La scène se déroule le 9 juillet 2017 au Connecticut, aux États-Unis, quelques jours avant une visite de Justin Trudeau dans l'État voisin du Rhode Island. Un fonctionnaire d'Affaires mondiales Canada se fait voler son véhicule dans le parking d'un parc national. Sorti faire une randonnée pédestre avec sa femme, le fonctionnaire ne reverra jamais l'automobile. Sa mission était de préparer la venue du Premier ministre, lequel participait à une rencontre de la National Governors Association.
Des documents sensibles dérobés
Selon l'ex-enquêteur de la Sûreté du Québec (SQ) et consultant international en sécurité, Paul Laurier, cet événement traduit un grave manque de professionnalisme. Les voleurs se sont emparés de l'ordinateur portable du fonctionnaire, d'une clé de cryptage, de dispositifs BlackBerry et d'un mot de passe permettant d'accéder à un système secret d'information. Les voleurs ont aussi pu accéder aux numéros des chambres d'hôtel des membres de la délégation canadienne et connaître la date d'arrivée de l'entourage du Premier ministre. Ce vol est loin d'être «anodin», selon M.Laurier.
«C'est clair que c'est inadmissible. Un fonctionnaire ne devrait pas confondre ses loisirs avec le travail. Le Premier ministre est toujours une cible de choix pour plusieurs raisons», a souligné Paul Laurier.
C'est sur une note diplomatique destinée aux autorités américaines que se trouvaient les noms des agents devant assurer la sécurité de Trudeau. Leur rang dans la hiérarchie policière se trouvaient aussi sur le document. La note diplomatique visait essentiellement à permettre aux agents de porter leurs armes sur le territoire américain.
M.Laurier écarte l'hypothèse du simple vol de véhicule et estime qu'il devait s'y trouver d'autres documents dont on ignore la nature. L'expert en sécurité dit ne pas croire au hasard quand il est question de la sécurité d'un politicien. Rien n'est impossible, mais tous les indices pointent vers une opération bien planifiée.
«Si ç'avait été ça [un hasard, ndlr], il y aurait rapidement eu des démentis. Des communiqués de presse auraient été publiés. Dans une situation comme celle-là, avec des informations aussi sensibles, c'est difficile de croire au hasard», a affirmé Paul Laurier à Sputnik France.
Paul Laurier croit que des hackers, des membres du crime organisé ou des agents de puissances étrangères ont pu s'emparer des documents compromettants. Il ne s'explique pas comment la sécurité du Premier ministre a pu à ce point être défaillante. Il s'agirait au minimum d'un inquiétant «laxisme» de la part de la garde rapprochée de Trudeau.

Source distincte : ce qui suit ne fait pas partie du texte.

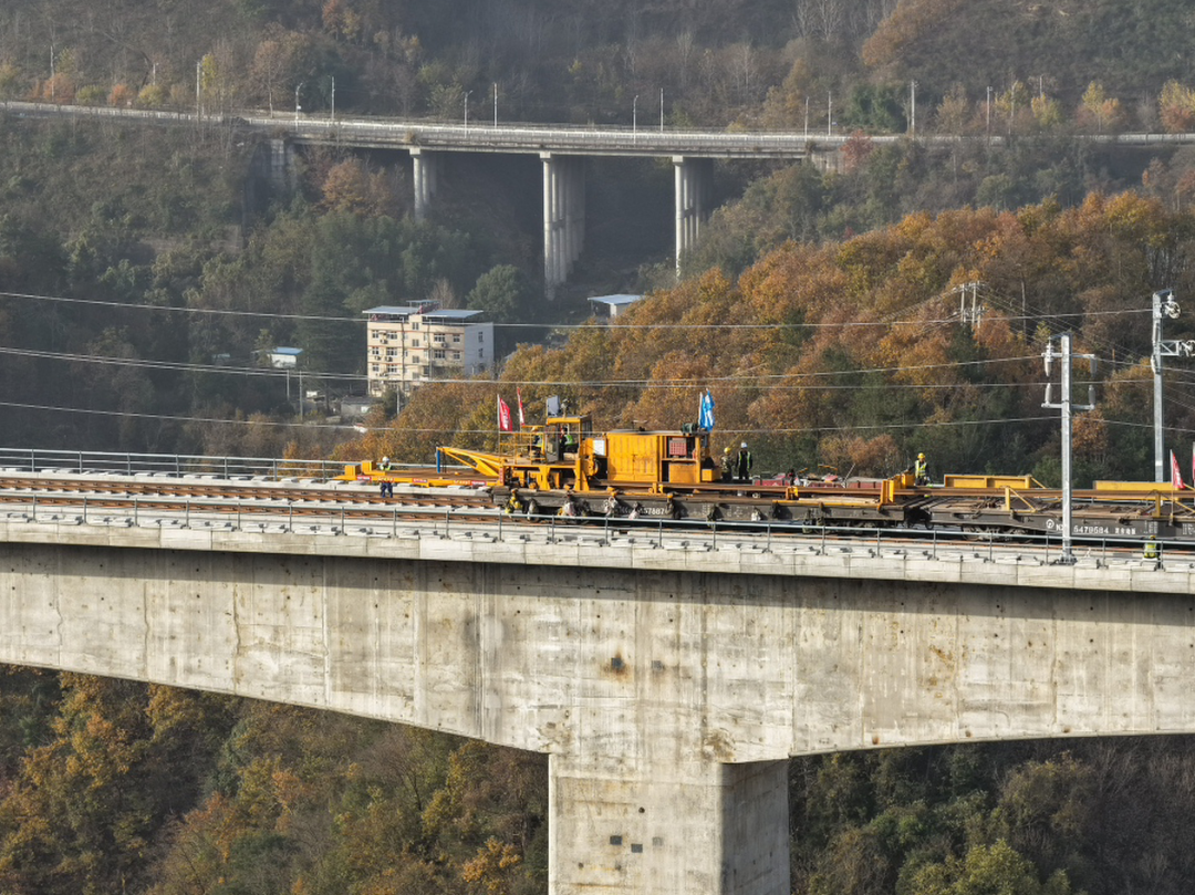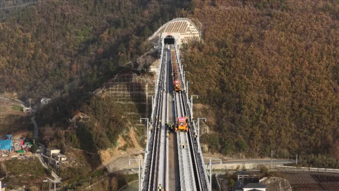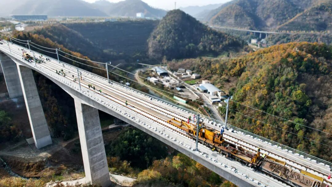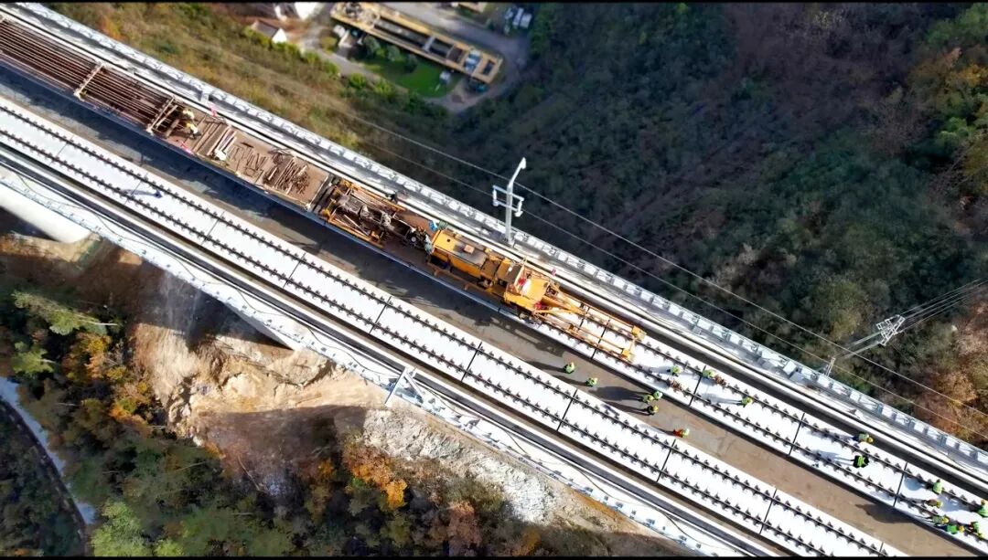 西十高铁穿越秦岭山脉,桥隧比高达95%,涉及长大坡道铺轨地段14处,最大坡度比达25‰。自今年9月8日全线铺轨正式启动以来,建设单位不断优化施工工艺,统筹资源配置,成功攻克多项复杂工况难关。
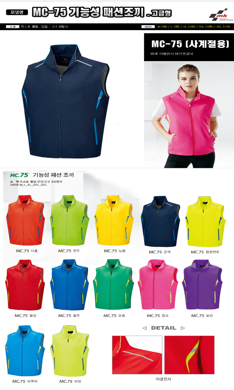 • •Size : M, L, XL, 2XL, 3XL •소재 : 듀스포 풀달, 안감:2:2 SD망사 ※단가변동 있을 수 있습니다. 제품 색상은 인쇄된 것이므로 실제 제품과 다소 차이가 있을 수 있습니다. MC-75
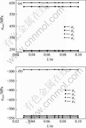 Anode cathode distance is a very important parameter in the process of aluminum electrolysis, but its effect on the stress distribution is estimated to be small. The increase or decrease of L will change the whole heat balance but have little effect on the electric and temperature distribution of anode(Fig.7). When the L increases from 0.03 m to 0.10 m, the maximum and minimum stress are almost constant, which indicates that the aspect of anode stress may not be taken into account when a reasonable L wants to be determined.
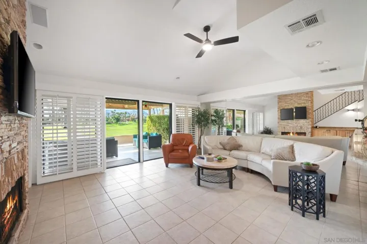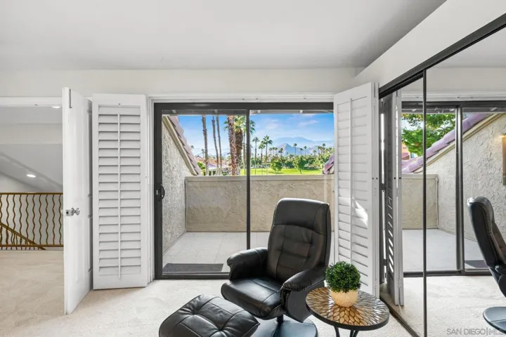 Welcome to your slice of paradise in The Woodhaven Country Club. Wake up to peaceful mornings and beautiful evenings on your private patio overlooking the 18th tee box and beautiful panoramic views of the mountains and stunning sunsets. This home is move in ready as a primary residence or a seasonal home or rental and is excellent for entertaining! Home was just updated with new paint, carpet, and ceiling fans. New light fixtures in the dining area and a freshly painted patio cover as well! Downstairs ensuite has the atrium converted to a spa style bathroom with dual showerheads, double sinks and upgraded bathtub. Optional 3rd bedroom, office or den downstairs as well with half bath and laundry closet. Open light and bright living area with granite countertops, stainless steel appliances, custom rock fireplace and double sliders to patio. Upstairs ensuite has a private balcony overlooking the golf course with stunning views! Enjoy the benefits of solar panels and a back up battery as well! This community has one of the lowest HOA fees in the desert which includes premium cable and internet services, water, trash and landscape maintenance as well as 4 pools and hot tubs, golf, pro shop, game room, tennis, pickle ball, fitness center, restaurant and lounge and banquet facilities. This amazing golf course is a semi-private course open to the public and boasts pristine lakes and gorgeous waterfalls with plush fairways and finely manicured greens. This property is turnkey and a must see!
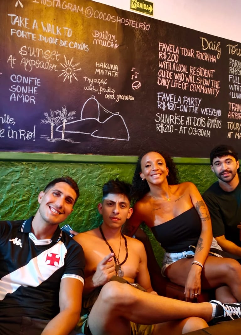 Temos três quartos compartilhados: um feminino e dois mistos. Além disso, contamos com um quarto privativo para até 4 pessoas — ideal para diferentes estilos de viagem.
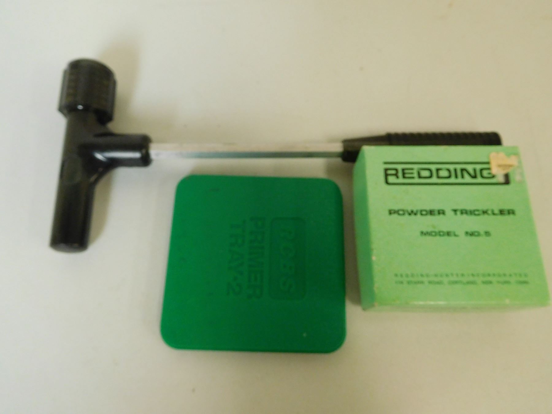 (1) LYMAN BULLET PULLER, (1) RCBS PRIMER TRAY, (1) REDDING POWDER TRICKLER MODEL NUMBER 5, LOT OF 3

«Est-ce que c'est un manque de compétences? Sûrement, ces choses-là ne devraient pas arriver», a tranché l'ex-enquêteur de la Sûreté du Québec.
Paul Laurier estime que les Canadiens se montrent généralement plus imprudents que dans les autres pays développés. Le fait que le Canada soit un pays stable et relativement peu peuplé (37 millions d'habitants) créerait une fausse impression de sécurité. Le consultant international rappelle toutefois que le Canada fait partie du G7 et qu'il n'est pas à l'abri des menaces.
«Ce qui est arrivé, on ne verrait pas ça en France ou aux États-Unis. […] Ce serait impensable des services de sécurité français, américains, russes ou allemands, par exemple», a mentionné l'expert.
Rappelons que ce n'est pas la première fois qu'une brèche importante est observée dans la sécurité de Justin Trudeau. Lors de son voyage en Inde début 2018, l'entourage du Premier ministre avait permis qu'un extrémiste sikh participe à une rencontre officielle à ses côtés. La participation de cet individu avait été annulée à la dernière minute. L'extrémiste punjabi était quand même parvenu à se faire photographier avec la femme du Premier ministre lors d'un autre événement. Justin Trudeau est-il bien protégé?